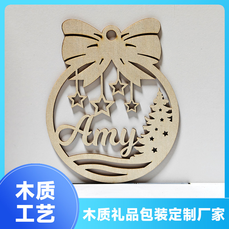 木质万圣节圣诞节镂空挂件小饰品圣诞树圆形挂件家居装饰品
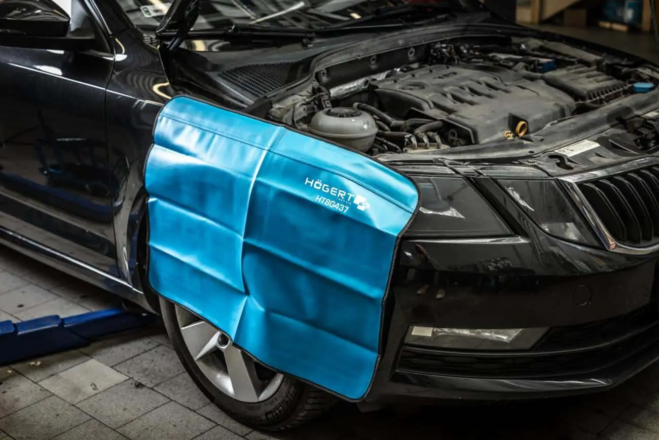 Магнитный коврик, предназначенный для защиты кузова автомобиля (капота, крыла) при выполнении ремонтных и технических работ. Изготовлен из прочного полипропилена, устойчивого к маслам и механическим повреждениям. Магниты внутри коврика обеспечивают надёжное крепление к металлической поверхности без сдвигов. Многоразовое использование и удобство очистки делают его практичным выбором для автосервиса или домашней мастерской.
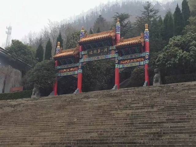 从售票厅到山门口是可以坐车上来的,票价也不贵。但是男票是退伍军人、我又是导游,感觉体力都不错,加上年轻气盛吧,于是就任性的选择了步行。有点后悔啊,并没有我们想象的那么近,而且都是上坡路,感觉有点儿累,不过没想到老天和我们开了个天大的玩笑,更累更惊险刺激的还在后面。一路上我都在想,如果今天开车出来就好了,可惜啊,车子被借走了,真是欲哭无泪。从这张图可以看到后面的山门了,在这里凭大门票或者有效证件进入景区。
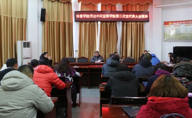 本站讯(学生记者 汪宇 李涛)12月30日下午,体育学院在体育馆大会议室向全体教职工传达中共beat365平台官方网站第三次党代表大会精神,会议由院党委书记谢军主持,全体教职工参加会议。
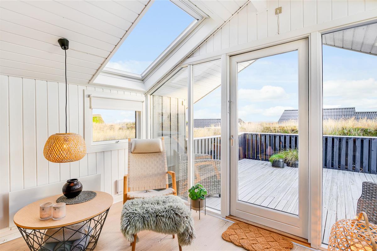 The outdoor area features both a partially covered and enclosed terrace. On sunny days, it's the perfect spot to relax on the garden furniture with a cup of coffee or cold drink while taking in the natural beauty of Denmark's west coast. You can even see Ringköbing Fjord from here.
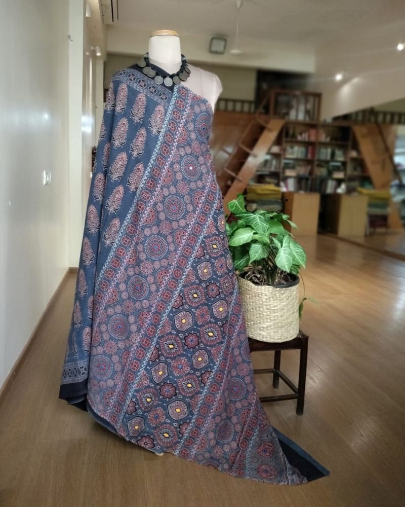 Tags: Ajrakh, Barmer, Cotton saree, Embroidered, Mul Cotton, Rajasthan
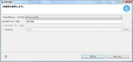 直接、DB接続情報を指定します。 トランザクション・タイプは リソース・ローカル が選択される 且 DB接続 が選択される場合、この項目は有効 |
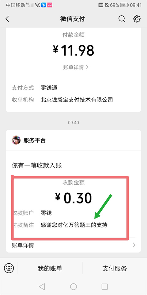 下图是提现到微信账户中的截图
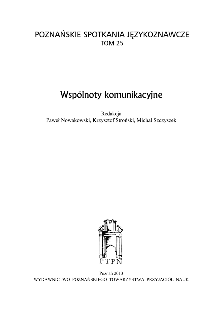 Wspólnoty komunikacyjne Redakcja Paweł Nowakowski, Krzysztof Stroński, Michał Szczyszek Poznań 2013 WYDAWNICTWO PoznańskieGO TowarzystwA Przyjaciół Nauk Spis treści Słowo od redaktorów........................................................................................ 7 Ludwika Zabrockiego teorie języka Bogdan Walczak Haaga – Żirmunskiego – Zabrockiego teoria zmian fonetycznych.............................. 11 Józef Marcinkiewicz Teoria wspólnot komunikatywnych w świetle koncepcji kognitywnych w psychologii i językoznawstwie.............................................................................................. 19 Wspólnoty komunikacyjne Mirosława Sagan-Bielawa Wspólnota komunikacyjna na ziemiach polskich po odzyskaniu niepodległości w 1918 roku................................................................................................... 39 Michał Szczyszek Słowotwórcze przejawy wspólnoty komunikacyjnej (na przykładzie języka polskiego)... 47 Bożena Niećko-Bukowska Modyfikacje zakresów odpowiedzialności w ramach wybranych wspólnot komunikacyjnych............................................................................................................... 55 Wspólnoty komunikacyjne a tożsamość kulturowa Natalia Długosz Uwagi o języku gorańskim (tożsamość języka w aspekcie typologicznym).................... 69 Paulina Wandas Język jako wyznacznik tożsamości jednostki........................................................... 85 Katarzyna Tomalak Portugalskie pieśni fado jako nośnik tożsamości kulturowej....................................... 97 Językowa komunikacja interkulturowa Antoni Markunas Język rosyjski w zmieniającym się interkulturowym obszarze europejskim.................... 109 Anna Kośmider-Leal Wpływ czynników kulturowych na kształtowanie się tożsamości nowego pokolenia obywateli Europy (na przykładzie Polski i Portugalii)............................................... 121 Iwona Osmańska-Lipka In the idiomatic world of animals – idiom comprehension in a foreign language.......... 131 Agnieszka Nowicka Intersubiektywność w komunikacji w języku angielskim jako lingua franca.................... 143
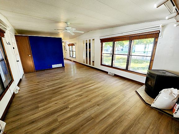 Great home in desirable Greenview Estates. Spacious corner lot includes shed. Large living room with wood burning stove and brand new flooring throughout the 2 bedroom home. Lot rent is $670 a month and that includes water and property tax! Affordable living and close to downtown amenities!
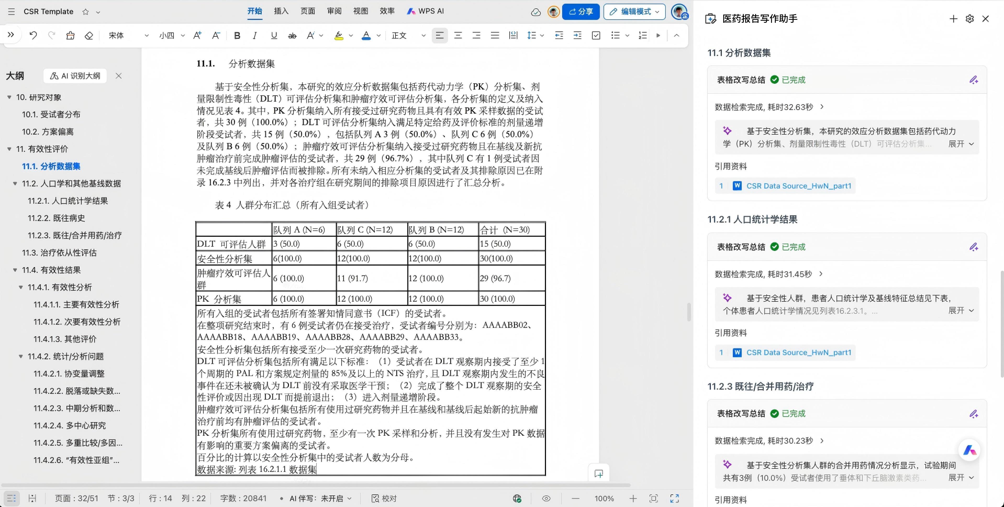 2月3日,继WPS 365"企业大脑"落地上海,金山办公发布行业首个AI医药报告写作助手------WPS 365 Medical SmartReport,聚焦以医药临床研究报告(CSR)为代表的、符合国际人用药品注册技术协调会(ICH)规范的医药报告撰写场景,直击效率瓶颈与合规痛点,为药企提供从数据整合、表格处理到合规输出的全流程智能化支撑。
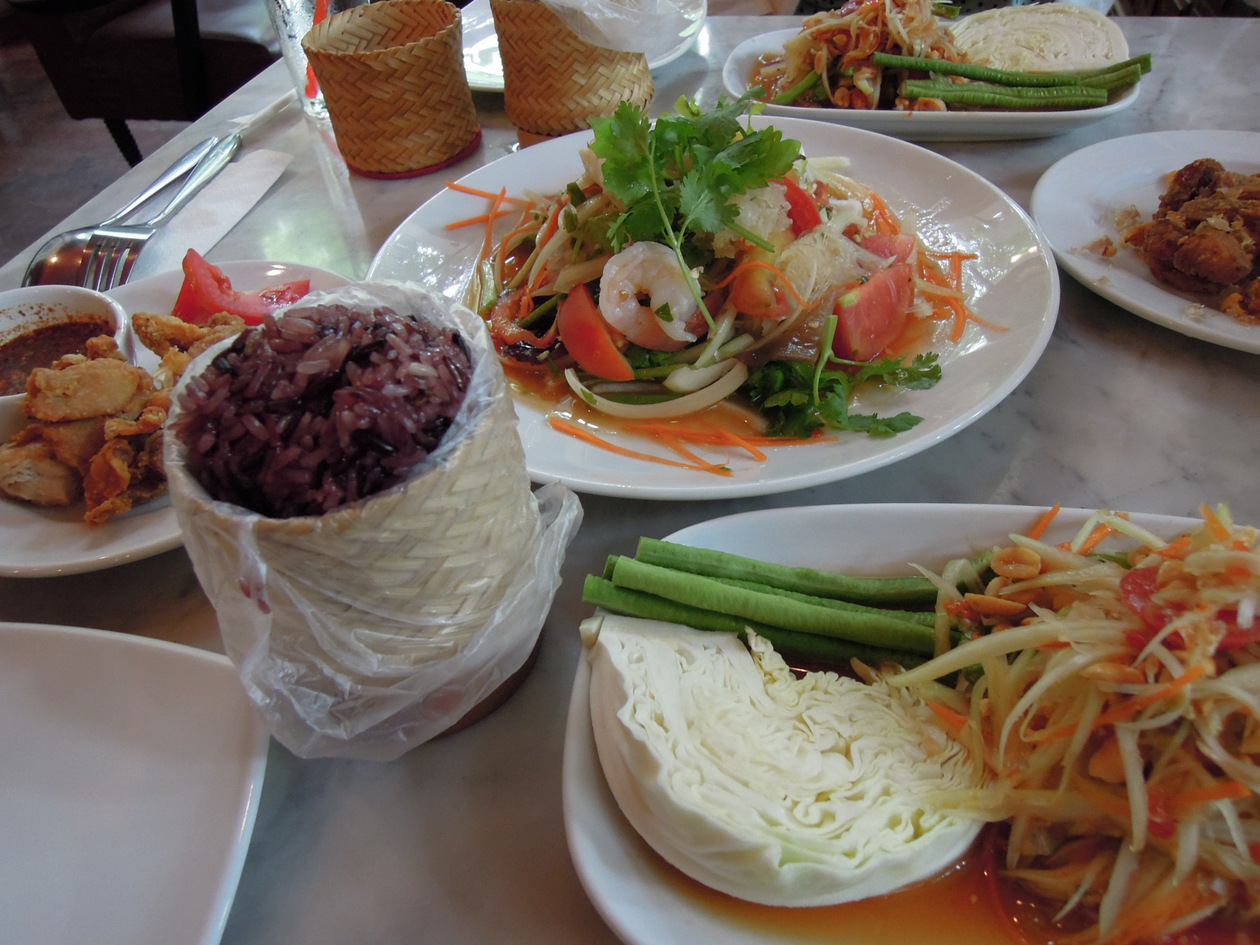 フアランポーン駅前にファーストフード店風な支店があり、ここでは写真入りのメニューが出てくるので食堂が苦手な方でも入りやすいかもしれません。支店の方は1人前の盛りつけ方が多く、その分価格も高くなっています。- 旅行時期

__________________________________________________

Return each of the lines exactly as they appear above, with no images.

> _TASK RESULT_:
 木质万圣节圣诞节镂空挂件小饰品圣诞树圆形挂件家居装饰品
 Магнитный коврик, предназначенный для защиты кузова автомобиля (капота, крыла) при выполнении ремонтных и технических работ. Изготовлен из прочного полипропилена, устойчивого к маслам и механическим повреждениям. Магниты внутри коврика обеспечивают надёжное крепление к металлической поверхности без сдвигов. Многоразовое использование и удобство очистки делают его практичным выбором для автосервиса или домашней мастерской.
 从售票厅到山门口是可以坐车上来的,票价也不贵。但是男票是退伍军人、我又是导游,感觉体力都不错,加上年轻气盛吧,于是就任性的选择了步行。有点后悔啊,并没有我们想象的那么近,而且都是上坡路,感觉有点儿累,不过没想到老天和我们开了个天大的玩笑,更累更惊险刺激的还在后面。一路上我都在想,如果今天开车出来就好了,可惜啊,车子被借走了,真是欲哭无泪。从这张图可以看到后面的山门了,在这里凭大门票或者有效证件进入景区。
 本站讯(学生记者 汪宇 李涛)12月30日下午,体育学院在体育馆大会议室向全体教职工传达中共beat365平台官方网站第三次党代表大会精神,会议由院党委书记谢军主持,全体教职工参加会议。
 The outdoor area features both a partially covered and enclosed terrace. On sunny days, it's the perfect spot to relax on the garden furniture with a cup of coffee or cold drink while taking in the natural beauty of Denmark's west coast. You can even see Ringköbing Fjord from here.
 Tags: Ajrakh, Barmer, Cotton saree, Embroidered, Mul Cotton, Rajasthan
 直接、DB接続情報を指定します。 トランザクション・タイプは リソース・ローカル が選択される 且 DB接続 が選択される場合、この項目は有効 |
 下图是提现到微信账户中的截图
 Wspólnoty komunikacyjne Redakcja Paweł Nowakowski, Krzysztof Stroński, Michał Szczyszek Poznań 2013 WYDAWNICTWO PoznańskieGO TowarzystwA Przyjaciół Nauk Spis treści Słowo od redaktorów........................................................................................ 7 Ludwika Zabrockiego teorie języka Bogdan Walczak Haaga – Żirmunskiego – Zabrockiego teoria zmian fonetycznych.............................. 11 Józef Marcinkiewicz Teoria wspólnot komunikatywnych w świetle koncepcji kognitywnych w psychologii i językoznawstwie.............................................................................................. 19 Wspólnoty komunikacyjne Mirosława Sagan-Bielawa Wspólnota komunikacyjna na ziemiach polskich po odzyskaniu niepodległości w 1918 roku................................................................................................... 39 Michał Szczyszek Słowotwórcze przejawy wspólnoty komunikacyjnej (na przykładzie języka polskiego)... 47 Bożena Niećko-Bukowska Modyfikacje zakresów odpowiedzialności w ramach wybranych wspólnot komunikacyjnych............................................................................................................... 55 Wspólnoty komunikacyjne a tożsamość kulturowa Natalia Długosz Uwagi o języku gorańskim (tożsamość języka w aspekcie typologicznym).................... 69 Paulina Wandas Język jako wyznacznik tożsamości jednostki........................................................... 85 Katarzyna Tomalak Portugalskie pieśni fado jako nośnik tożsamości kulturowej....................................... 97 Językowa komunikacja interkulturowa Antoni Markunas Język rosyjski w zmieniającym się interkulturowym obszarze europejskim.................... 109 Anna Kośmider-Leal Wpływ czynników kulturowych na kształtowanie się tożsamości nowego pokolenia obywateli Europy (na przykładzie Polski i Portugalii)............................................... 121 Iwona Osmańska-Lipka In the idiomatic world of animals – idiom comprehension in a foreign language.......... 131 Agnieszka Nowicka Intersubiektywność w komunikacji w języku angielskim jako lingua franca.................... 143
 Great home in desirable Greenview Estates. Spacious corner lot includes shed. Large living room with wood burning stove and brand new flooring throughout the 2 bedroom home. Lot rent is $670 a month and that includes water and property tax! Affordable living and close to downtown amenities!
 2月3日,继WPS 365"企业大脑"落地上海,金山办公发布行业首个AI医药报告写作助手------WPS 365 Medical SmartReport,聚焦以医药临床研究报告(CSR)为代表的、符合国际人用药品注册技术协调会(ICH)规范的医药报告撰写场景,直击效率瓶颈与合规痛点,为药企提供从数据整合、表格处理到合规输出的全流程智能化支撑。
 フアランポーン駅前にファーストフード店風な支店があり、ここでは写真入りのメニューが出てくるので食堂が苦手な方でも入りやすいかもしれません。支店の方は1人前の盛りつけ方が多く、その分価格も高くなっています。- 旅行時期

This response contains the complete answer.